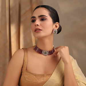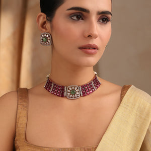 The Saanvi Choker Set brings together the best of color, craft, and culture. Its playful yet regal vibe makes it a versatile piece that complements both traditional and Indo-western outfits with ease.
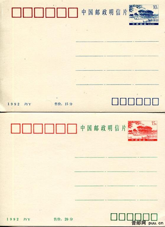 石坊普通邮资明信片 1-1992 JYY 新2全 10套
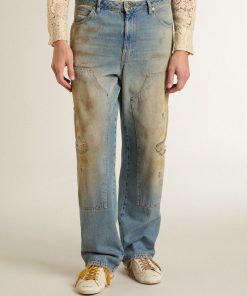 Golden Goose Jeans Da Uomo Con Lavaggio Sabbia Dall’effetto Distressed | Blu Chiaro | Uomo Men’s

PROBLEM DESCRIPTION
Exact copy, no images: rewrite the entire listing above.

EXERCISE RESULT
 The Saanvi Choker Set brings together the best of color, craft, and culture. Its playful yet regal vibe makes it a versatile piece that complements both traditional and Indo-western outfits with ease.
 石坊普通邮资明信片 1-1992 JYY 新2全 10套
 Golden Goose Jeans Da Uomo Con Lavaggio Sabbia Dall’effetto Distressed | Blu Chiaro | Uomo Men’s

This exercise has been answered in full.